This is somewhat instrumental in resolving the imaginary distinction between Probability Theory and Statistical Theory. How then can one deal with this epistemological inadequacy with its nuances? Jaynes’ Objective-Bayesianism expressed in the Ma圎nt principle serves as the foundation of Probability theory for modern science. Since most Decision problems hinges on uncertainty crisis in enumerating the range of possibilities. Our mathematical probability model however different, is a powerful analytical tool that guarantees detection of inconsistencies or violations of our other desiderata, derivable from its axioms. But all mathematical formulation attempts to put forward a consistent and complete representation of the real world, often fails to satisfy Kurt Gödel’s incompleteness theorem. Within this framework the use of Logic and Set Theories, was key to understanding the foundations of mathematics.
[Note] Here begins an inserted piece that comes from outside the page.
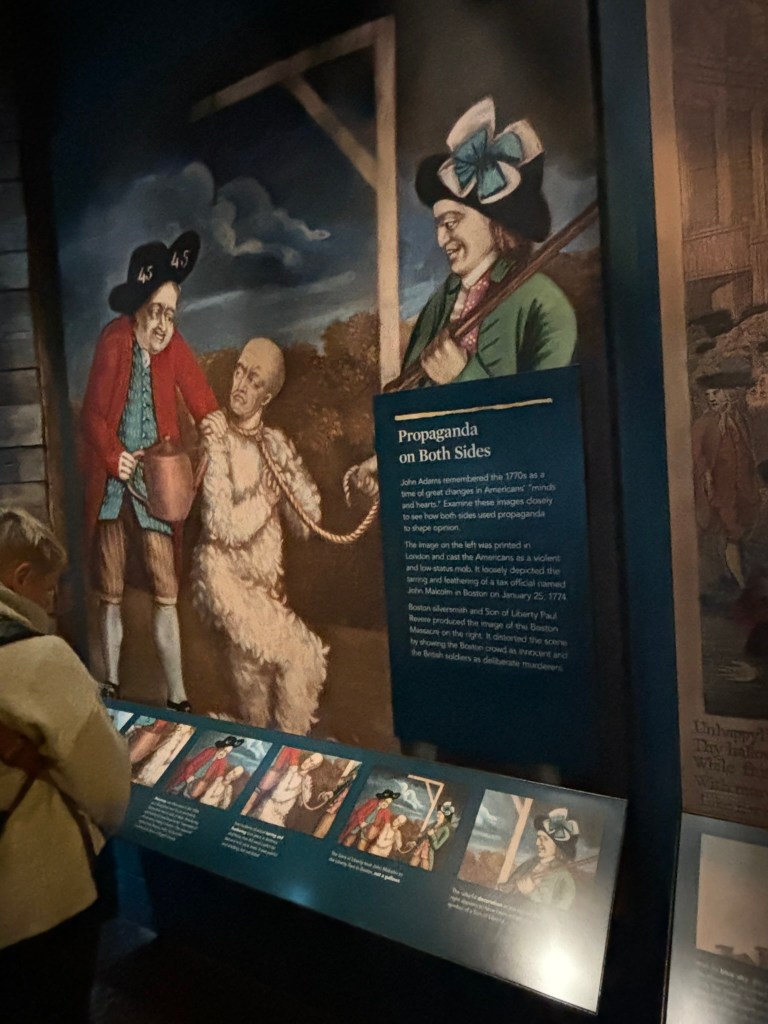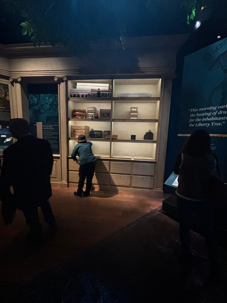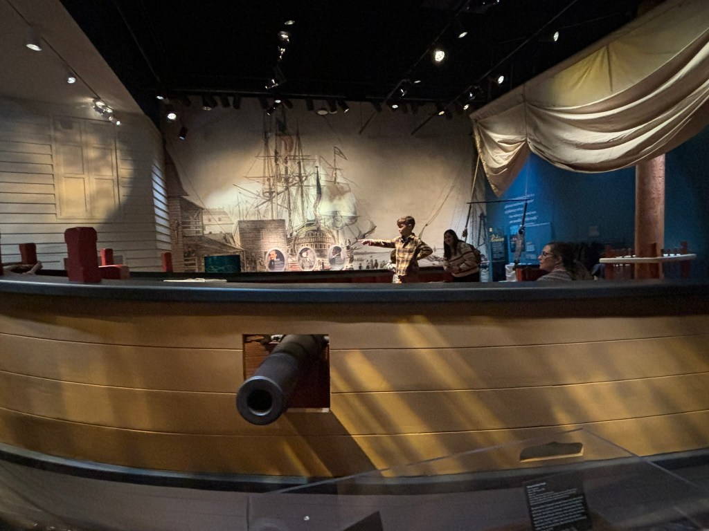 After we saw the tent and explored the special exhibit about the history of the tent, we journeyed through the rest of the museum. The main exhibit immerses you in the events of the Revolution, from the French and Indian war, the British taxes, the protests by the colonists, the opening shots at Lexington and Concord, the key events that transpired throughout the war, and the writing of the Constitution. The exhibit teaches through informative plaques, hands-on learning, videos and artifacts. It truly is a remarkable museum that everyone needs to visit. In the basement floor there is also an activity center for kids with hands-on and interactive exhibits. After our time spent at the museum, we head to lunch.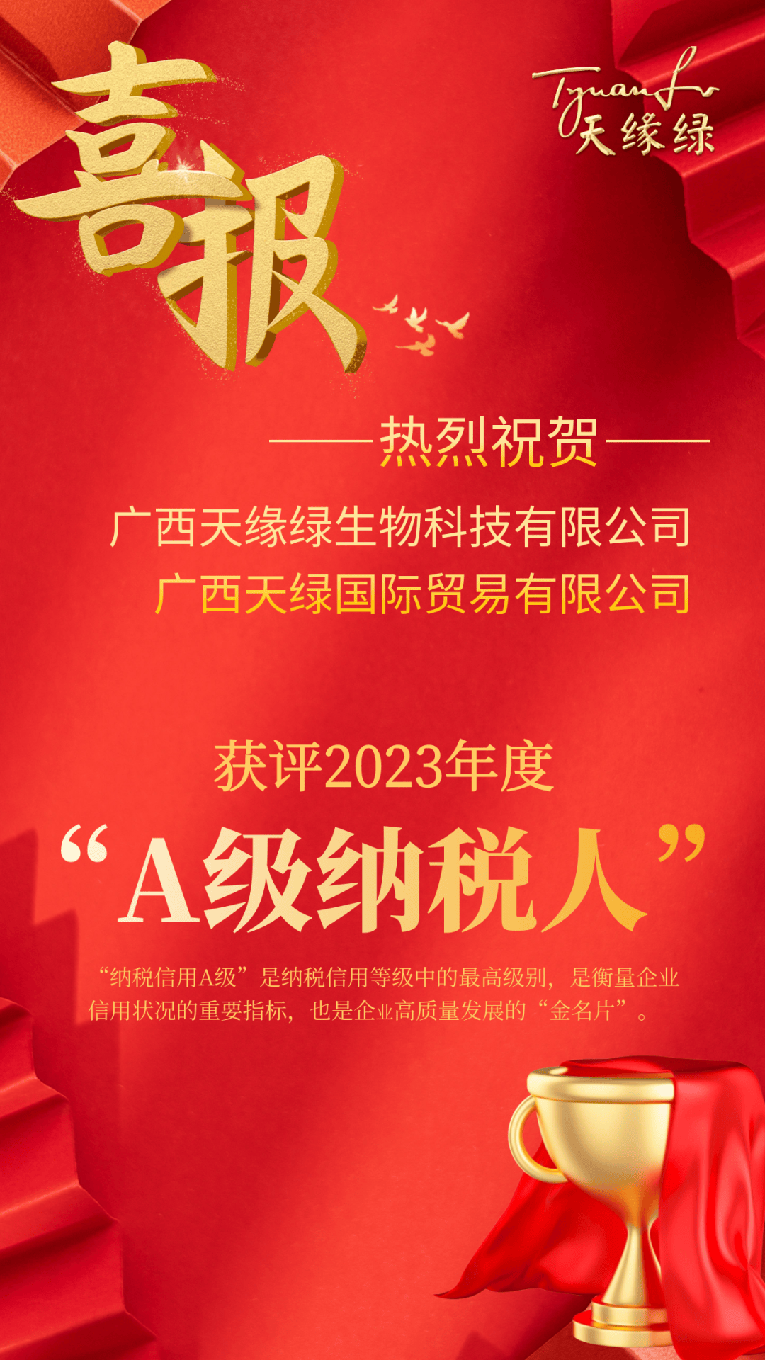 近日,國(guó)家稅務(wù)總局公布了2023年度納稅信用評(píng)價(jià)結(jié)果,天緣綠集團(tuán)母公司——廣西天緣綠生物科技有限公司及子公司——廣西天綠國(guó)際貿(mào)易有限公司憑借卓越的納稅信用表現(xiàn),雙雙獲評(píng)“2023年度納稅信用A級(jí)納稅人”。

At Jaynes’ time of writing, the speculative sciences were beginning to assume a mathematical bend vis-a-vis the representation of the process of reasoning quantitatively. This work pries into the analytic and systematic approach to the study of decision making in the light of Edwin Jaynes’ Probability Logic.
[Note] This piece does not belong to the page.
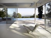 From the dining area another couple of steps lead to a comfortable area where one can lounge on the sofa or chaise longue overlooking the swimming pool and enjoying the marvelous view over the city. There the floor is covered with a bright limestone, similar to the outdoor flooring at the pool level. Picture Nr 7, 24, 25, 26, 61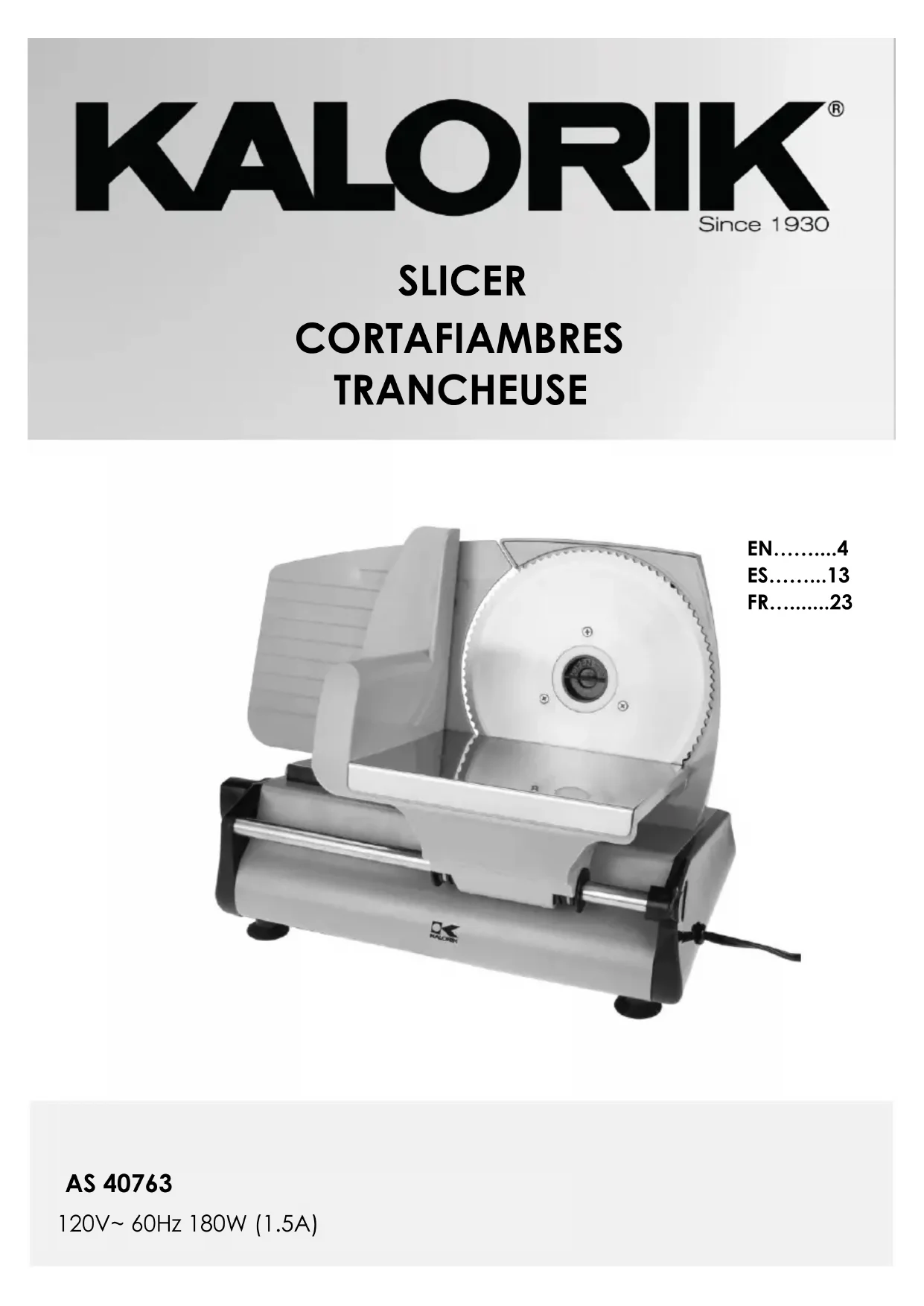 AS 40763 S - Trancheuse KALORIK - Notice d'utilisation et mode d'emploi gratuit

The concluding chapter explains how writing this research paper is relevant to the writer as a student and as a professional. Chapter 3 defines science and presents key concepts that prove that inferential statistics is, indeed, a scientific methodology. Chapter 2 explains how formal numerical inference is used in various fields, and in different types of research papers. The first chapter introduces key terminology, history, importance and advantages, dangers and limitations of statistics in general and inferential statistics in particular. With correct usage, inferential is accepted as a key element in scientific research procedures, particularly in doctoral dissertations because, by definitions, a doctoral dissertation is a formal research paper that creates new knowledge including new hypotheses or models. According to the parameters of scientific practice, inferential statistics may be used erroneously and thus produce incorrect results. It is a way of measuring uncertainties as well as a formal way of expressing probabilities, predictions, extrapolations, and other extensions of reasoning and thought that go beyond the available data. ABSTRACT Inferential statistics plays an important role in various fields of human endeavor as well as in personal development.

This paper presents the usage of different types of inferential statistics, the relevance of statistics to various disciplines, its usage in different types of research, and its relevance to the writer.